▶ Dataset extract:
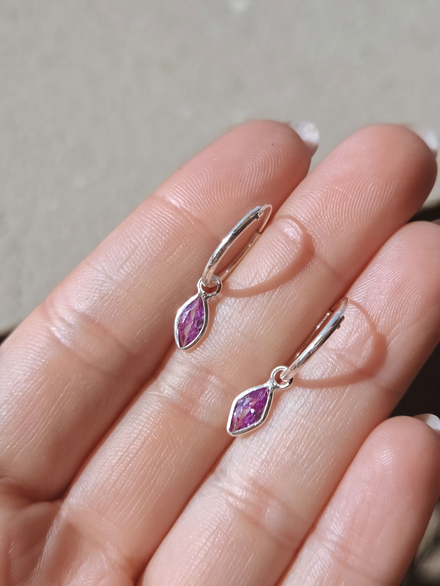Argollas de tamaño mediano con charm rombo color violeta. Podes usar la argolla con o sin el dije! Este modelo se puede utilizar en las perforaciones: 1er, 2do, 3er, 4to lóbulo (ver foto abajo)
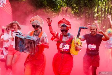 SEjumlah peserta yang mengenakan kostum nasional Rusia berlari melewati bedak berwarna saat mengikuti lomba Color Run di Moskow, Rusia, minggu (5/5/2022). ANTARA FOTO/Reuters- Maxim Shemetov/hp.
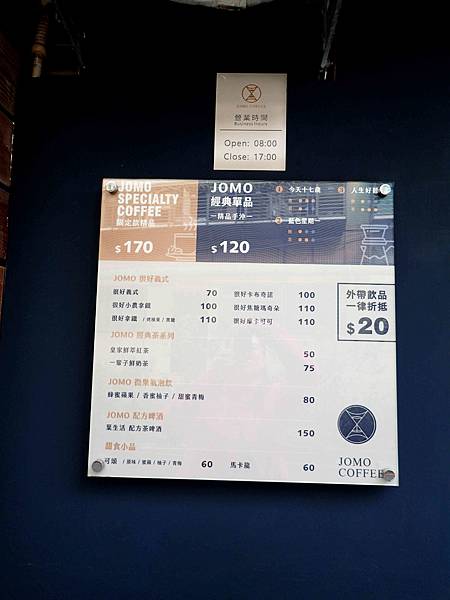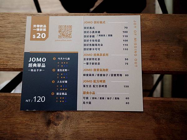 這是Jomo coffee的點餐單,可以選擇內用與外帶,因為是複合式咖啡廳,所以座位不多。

▶ Your assignment: Once the pictures are set aside, repeat the data above exactly as written.

▶ Answer section:
Argollas de tamaño mediano con charm rombo color violeta. Podes usar la argolla con o sin el dije! Este modelo se puede utilizar en las perforaciones: 1er, 2do, 3er, 4to lóbulo (ver foto abajo)
 SEjumlah peserta yang mengenakan kostum nasional Rusia berlari melewati bedak berwarna saat mengikuti lomba Color Run di Moskow, Rusia, minggu (5/5/2022). ANTARA FOTO/Reuters- Maxim Shemetov/hp.
 這是Jomo coffee的點餐單,可以選擇內用與外帶,因為是複合式咖啡廳,所以座位不多。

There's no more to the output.